On Smart Cities, Aladekomo explains, “A smart city is a place where you live, work and play. A place that enhances the quality of life you live. In it also, you must be well entertained.
Furthermore, it has to be environmentally friendly and sustainable. Smart cities generally provide better security and safety.’ Most importantly, its infrastructure apart from been social, physical, institutional/governance and economic should be centred on the citizen.

 

On existing and poorly structured cities, he recommended that they can be converted to smart cities by the use of polycentricity and agglomeration.
With polycentricity, we can begin to create new decentralized cities and settlements around Lagos for example, and manage them digitally from the beginning by making them technology enabled.
at the same time these new decentralised cities should be agglomerated in a specialised form as healthcare city, technology city, agricultural city, etc. Agglomeration enhances productivity, commerce and cost optimisation, job creation and poverty alleviation.

 

Smart City Components are; Smart governance, Smart Energy, Smart citizen, Smart healthcare, Smart technology, Smart mobility, Smart building, and Smart infrastructure
Aladekomo further proposed the leapfrogging of relevant technology towards resolving infrastructural deficit.
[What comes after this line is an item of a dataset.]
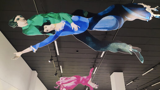 Выставку известного художника Марка Шагала я посетил 26 ноября 2023 года. Она проходит в художественной галерее "Bashmakov Gallery" по адресу Квартал «Ленполиграфмаш», Проспект Медиков, 3, лит. А. Сразу напишу - выставка литографий знаменитого художника мне очень понравилась! Но, его искусство своеобразно, поэтому не буду навязывать свое мнение, каждый сможет его творчество оценить для себя. При входе нас встречает вот такая интересная композиция: художник и его жена и муза Бэлла парит...

But to achieve this, government must recognise population growth as an opportunity, accept that smart cities should be created, accept Rural-Urban migration not as a threat but reality, use agglomeration, polycentric approach to governance, and use technologies to play crucial roles in the development and administration.
Finally, he called for the encouragement of private sector participation, good governance and rule of law, building of sustainable institutions, and recognition / replication of our past heroes.
He informed participants at the expo that SmartCity Plc is currently building smart cities to create an intelligent future through their projects at Ibadan and Osogbo through suburb polycentrisim.
The LCCI ICTEL Expo is a marketplace where Business, Tech & Innovation come together to explore opportunities in Nigeria’s Digital Economy. It enables stakeholders to engage in robust discussions on government’s plans to grow the digital economy from 10.68 per cent to 12.54 per cent and improve e-governance by 100 per cent by 2025.